Occupation Scholar, writer

David Reigle (August 22, 1952 in Danville, Pennsylvania, US) is an American author and an independent scholar of the Sanskrit scriptures of India and their Tibetan translations. He has written on the Buddhist Kālacakra teachings, and has published research on the sourcebooks accepted in Theosophy. These are the Books of Kiu-te, i.e., rgyud-sde, the Tibetan Buddhist tantras, and the so-called Book of Dzyan, which still remains unidentified.

David Reigle became interested in Theosophy in 1973. Although he began his Sanskrit studies at the University of California, Santa Barbara, in 1978, he did not pursue a PhD, but rather continued his Sanskrit studies independently. He began his Tibetan studies with a private tutor in Dharamsala, India, in 1979. While working on Sanskrit texts, he identified two very rare Sanskrit verb-forms and wrote an article about them that was published in the Indo-Iranian Journal.
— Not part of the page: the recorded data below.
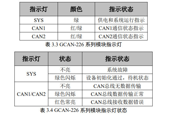 GCAN-226系列模块具有1个PWR指示灯用来情况,1个SYS指示灯用来指示系统供电和系统的运行状态,2个CAN指示灯用来指示对应CAN总线通信状态。这3个指示灯的具体指示功能见表3.3,这3个指示灯处于各种状态的含义如表3.4所示。
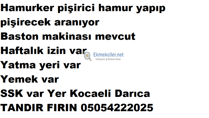 Ekmek ustası Hamurker pişirici araniyor Yer Kocaeli Darıca 05054222025
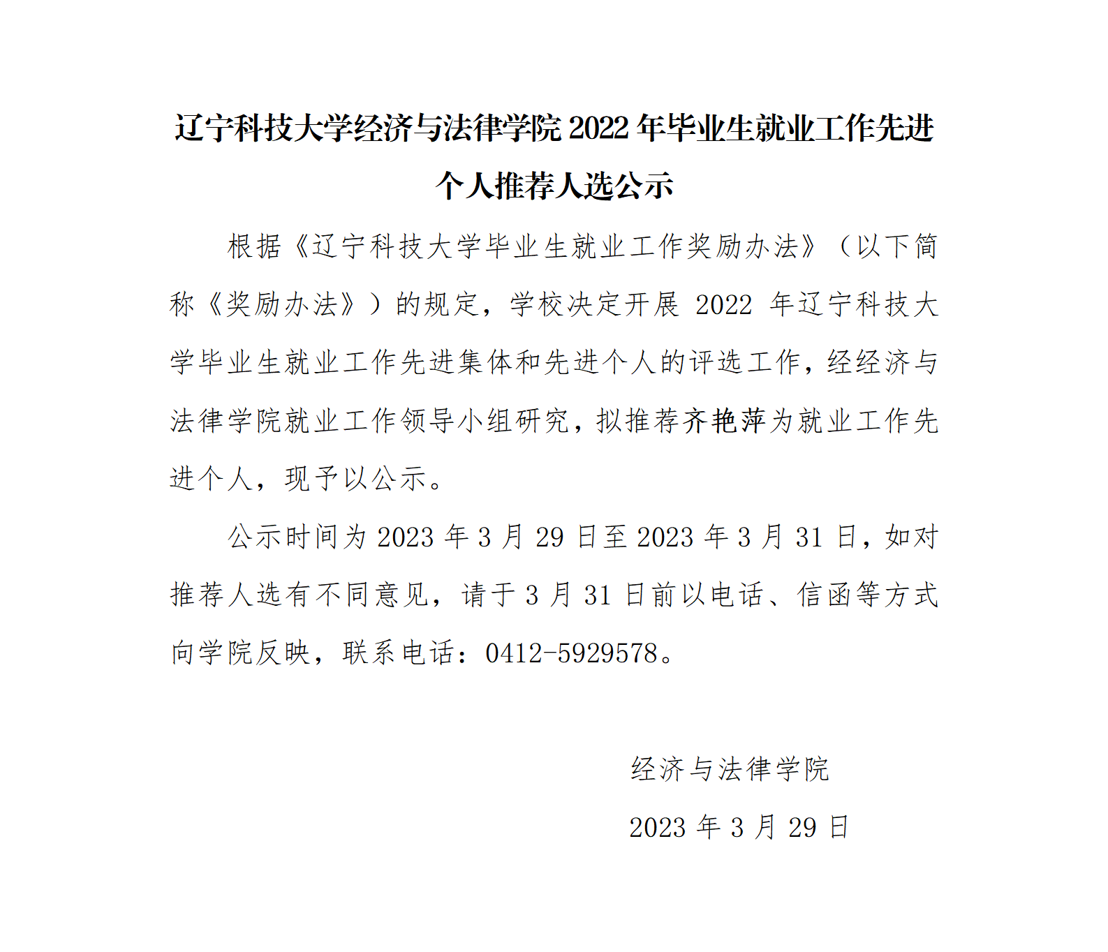 乐动在线-乐动(中国)经济与法律学院2022年毕业生就业工作先进个人推荐人选公示

The Books of Kiu-te are said by Theosophical founder Helena Petrovna Blavatsky to be a series of texts, some of which are secret, and others public. The secret ones are said to include the Book of Dzyan, from which stanzas were allegedly translated by Blavatsky to form the basis of her major book, The Secret Doctrine (2 vols., 1888). The public ones, said to be in the possession of Tibetan monasteries, long remained unidentified. In 1981, Reigle identified them as rgyud-sde, the Tibetan Buddhist tantras, by tracing out the reference Blavatsky gave when referring to these books. Then unknown to Reigle, Henk J. Spierenburg had made this identification six years earlier in a note to an article he wrote in Dutch. Reigle followed up this identification with a small book, The Books of Kiu-te, or the Tibetan Buddhist Tantras: A Preliminary Analysis, published in 1983. This book surveys the Buddhist tantras as found in Tibetan translation in the Tibetan Kangyur and their commentaries as found in the Tibetan Tengyur, and includes a bibliography of the then available printed editions of their Sanskrit originals. It was reviewed in Journal of the International Association of Buddhist Studies.